**** Exercise data ****

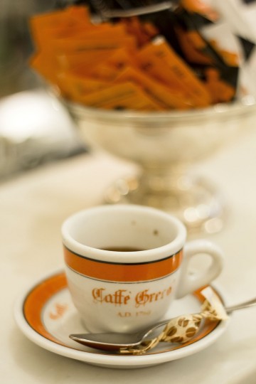 Antico Caffe Greco w Rzymie jest miejscem z historią, gdyż jest prawie najstarszą nadal funkcjonującą kawiarnią we Włoszech (najstarsza to Caffè Florian w Wenecji – 1750r). Została założona w 1760 roku przez Greka i stała się salonem artystycznym, w którym bywał m.in Goethe, Byron, Andersen, Ibsen, Mendelssohn oraz nasi rodacy: Mickiewicz, Słowacki, Norwid, Krasiński, Sienkiewicz.
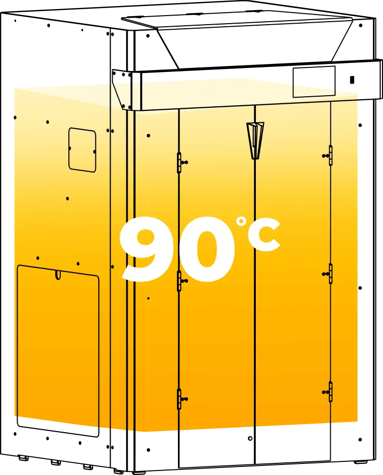 Благодаря активной подогреваемой камере, возможен разогрев до целевого значения перед началом работы и поддержка температуры до завершения печати. Это достигается за счёт датчиков температуры, которые приближены к зоне печати, чтобы точнее отслеживать состояние системы.
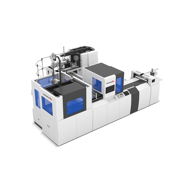 sistem za podajanje kartona in visoko natančno zgibalno napravo, podpira dvojno obdelavo za oblikovanje toge škatle in

****

**To do**
Only the lines from the one containing "Благодаря активной подогреваемой" to the end of the listing belong in the answer, exactly as they stand and with no pictures.

**Response area**
 Благодаря активной подогреваемой камере, возможен разогрев до целевого значения перед началом работы и поддержка температуры до завершения печати. Это достигается за счёт датчиков температуры, которые приближены к зоне печати, чтобы точнее отслеживать состояние системы.
 sistem za podajanje kartona in visoko natančno zgibalno napravo, podpira dvojno obdelavo za oblikovanje toge škatle in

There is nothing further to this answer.